• **DIRECTIONS**
Could you output, word for word, only the lines from the line with "Saint Laurent Monogram" to the end of the entries, including both ends? Omit the pictures.

• **DATA SUPPLIED**
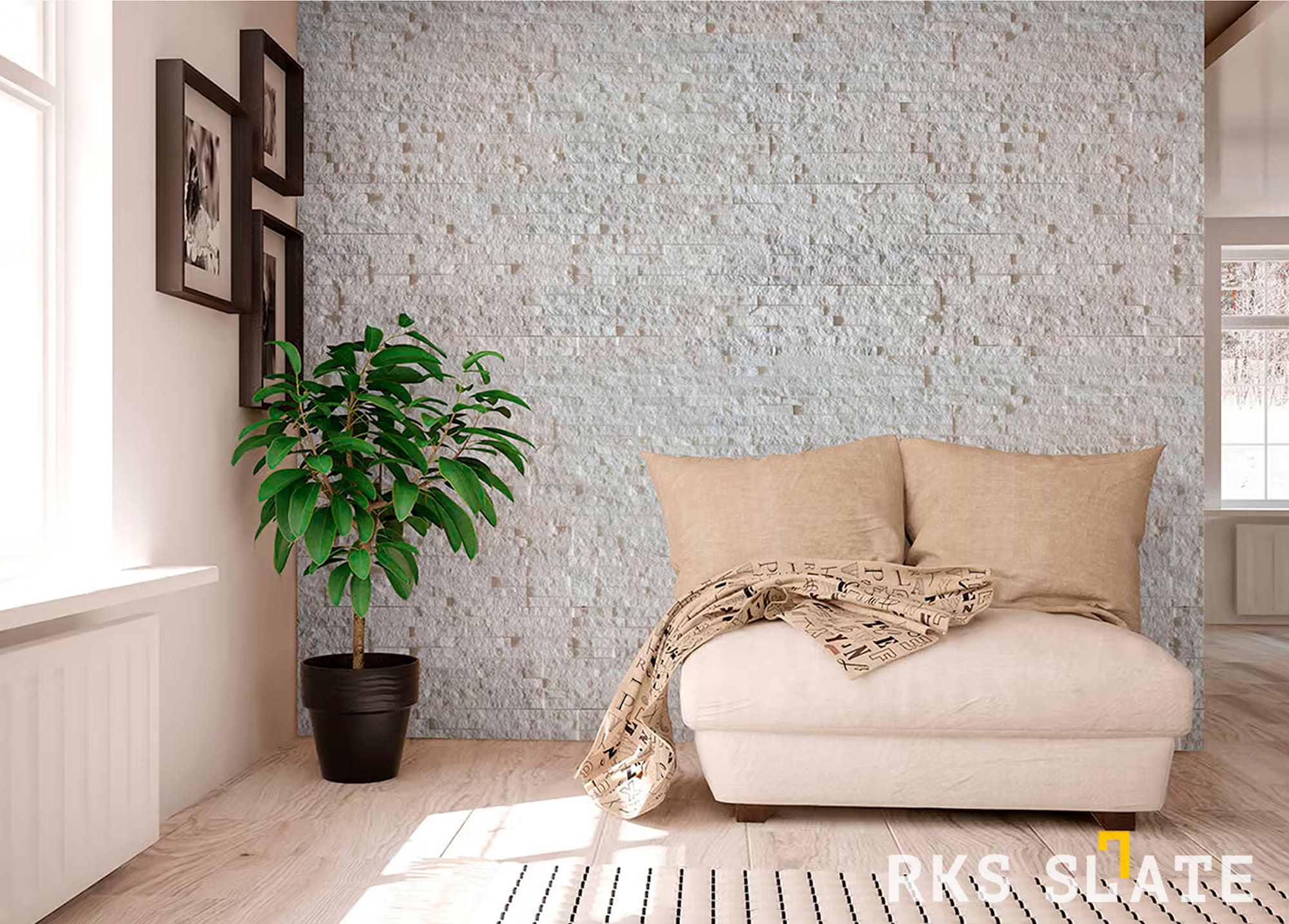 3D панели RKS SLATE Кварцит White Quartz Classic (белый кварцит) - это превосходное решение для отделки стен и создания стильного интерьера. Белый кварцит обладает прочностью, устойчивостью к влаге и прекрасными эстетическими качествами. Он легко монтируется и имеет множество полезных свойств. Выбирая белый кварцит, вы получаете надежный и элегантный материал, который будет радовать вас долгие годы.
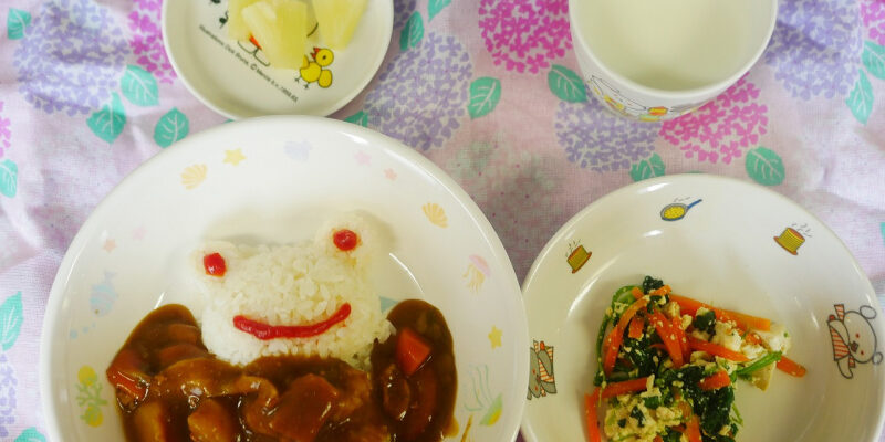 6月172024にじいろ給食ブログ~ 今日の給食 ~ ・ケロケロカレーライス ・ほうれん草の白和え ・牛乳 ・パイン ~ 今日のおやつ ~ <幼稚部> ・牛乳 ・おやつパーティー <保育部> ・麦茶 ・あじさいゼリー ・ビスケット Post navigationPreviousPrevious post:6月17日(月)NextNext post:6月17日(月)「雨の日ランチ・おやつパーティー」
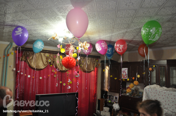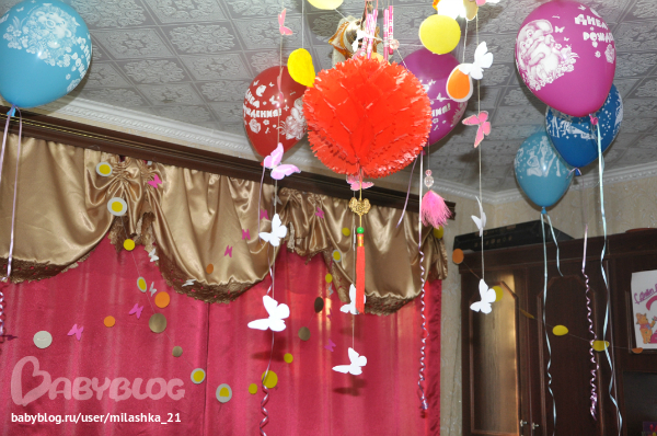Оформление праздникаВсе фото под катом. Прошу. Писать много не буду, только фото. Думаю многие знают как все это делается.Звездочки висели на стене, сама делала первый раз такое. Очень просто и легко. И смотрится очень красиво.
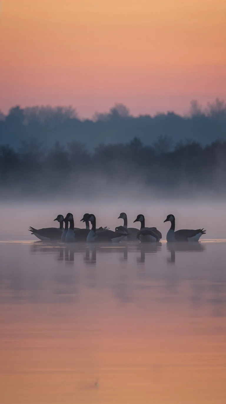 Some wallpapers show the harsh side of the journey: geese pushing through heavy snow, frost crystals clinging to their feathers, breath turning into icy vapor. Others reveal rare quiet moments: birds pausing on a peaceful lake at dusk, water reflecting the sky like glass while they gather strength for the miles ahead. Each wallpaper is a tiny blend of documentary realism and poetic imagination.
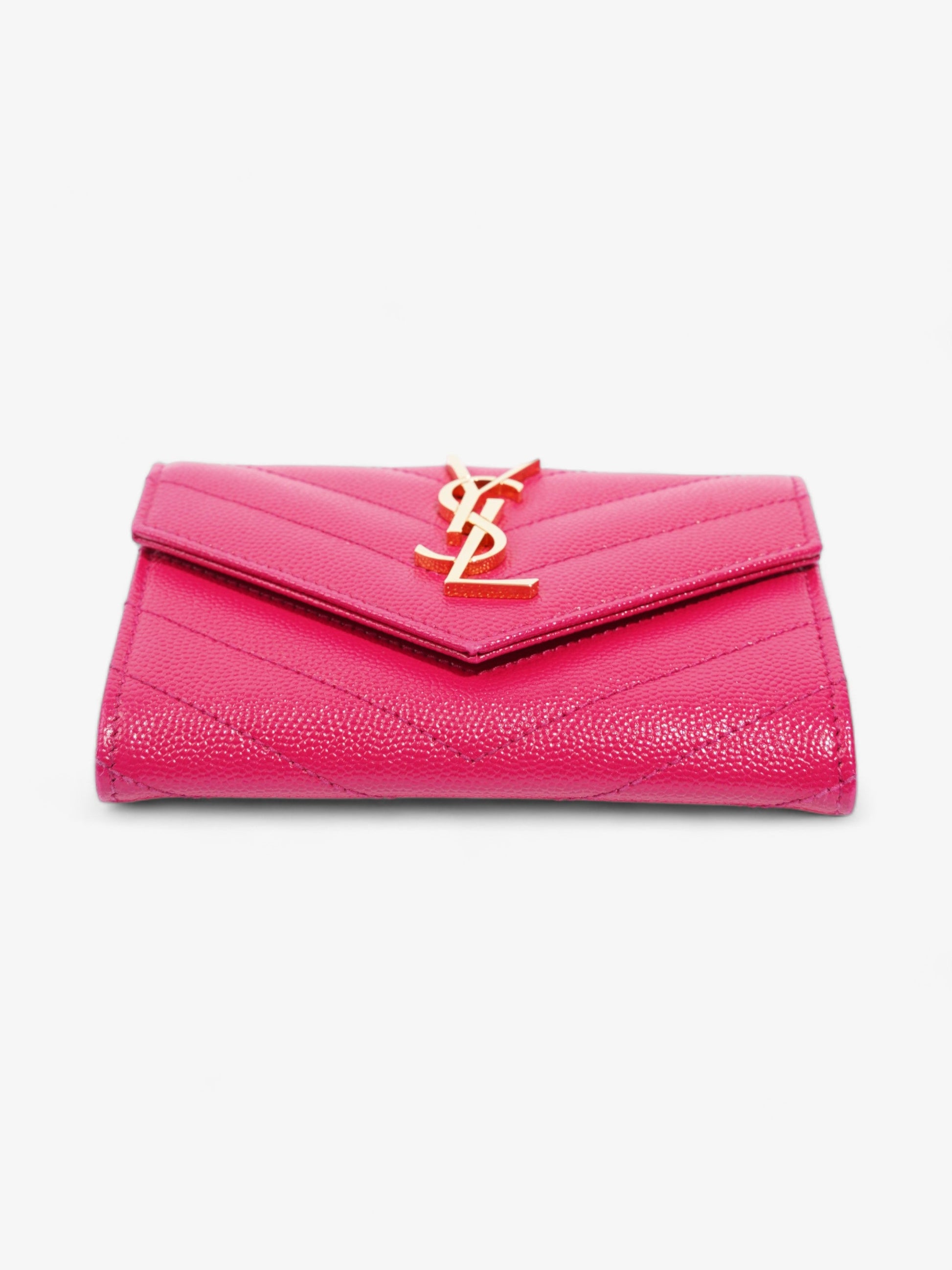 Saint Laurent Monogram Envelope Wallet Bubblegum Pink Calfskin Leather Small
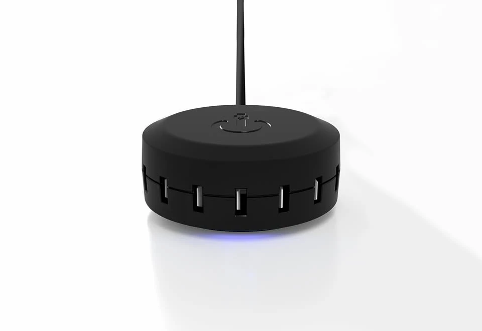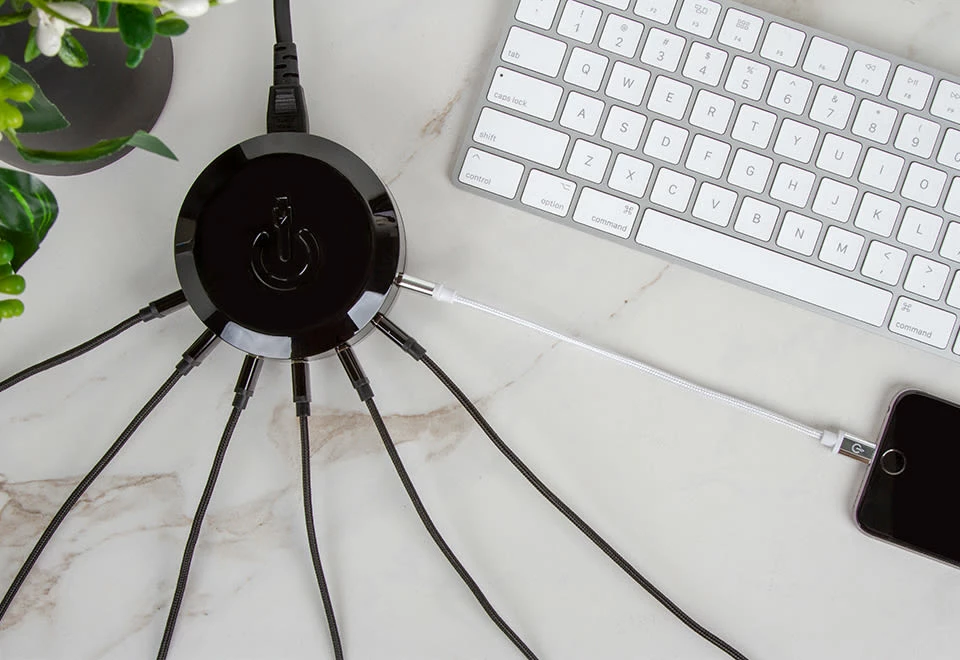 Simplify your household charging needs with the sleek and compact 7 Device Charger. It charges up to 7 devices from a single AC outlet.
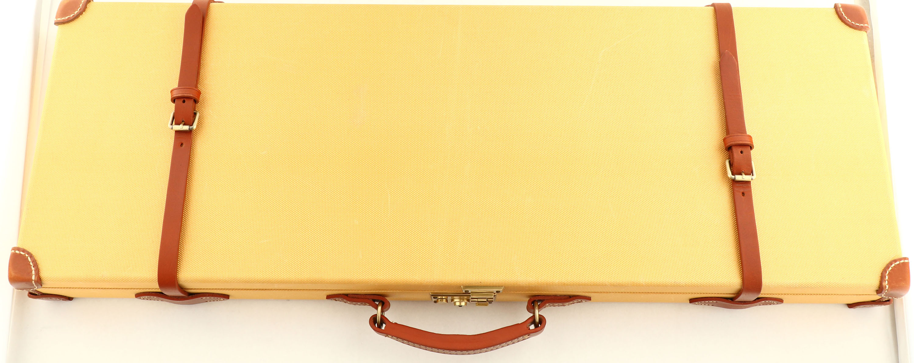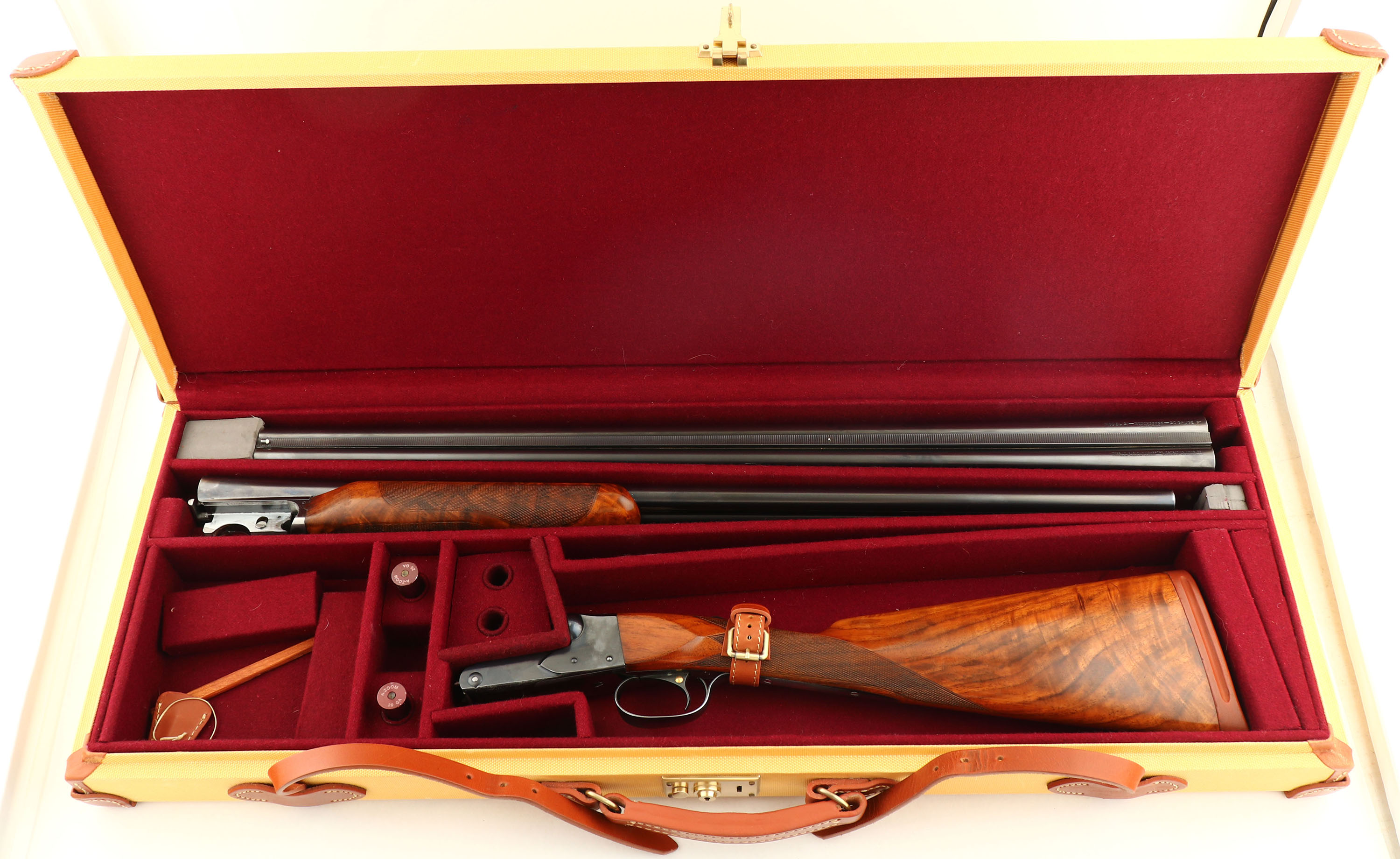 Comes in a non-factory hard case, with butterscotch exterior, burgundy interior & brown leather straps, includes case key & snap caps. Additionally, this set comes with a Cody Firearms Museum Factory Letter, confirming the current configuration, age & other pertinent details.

• **EXERCISE OUTPUT**
 Saint Laurent Monogram Envelope Wallet Bubblegum Pink Calfskin Leather Small
 Simplify your household charging needs with the sleek and compact 7 Device Charger. It charges up to 7 devices from a single AC outlet.
 Comes in a non-factory hard case, with butterscotch exterior, burgundy interior & brown leather straps, includes case key & snap caps. Additionally, this set comes with a Cody Firearms Museum Factory Letter, confirming the current configuration, age & other pertinent details.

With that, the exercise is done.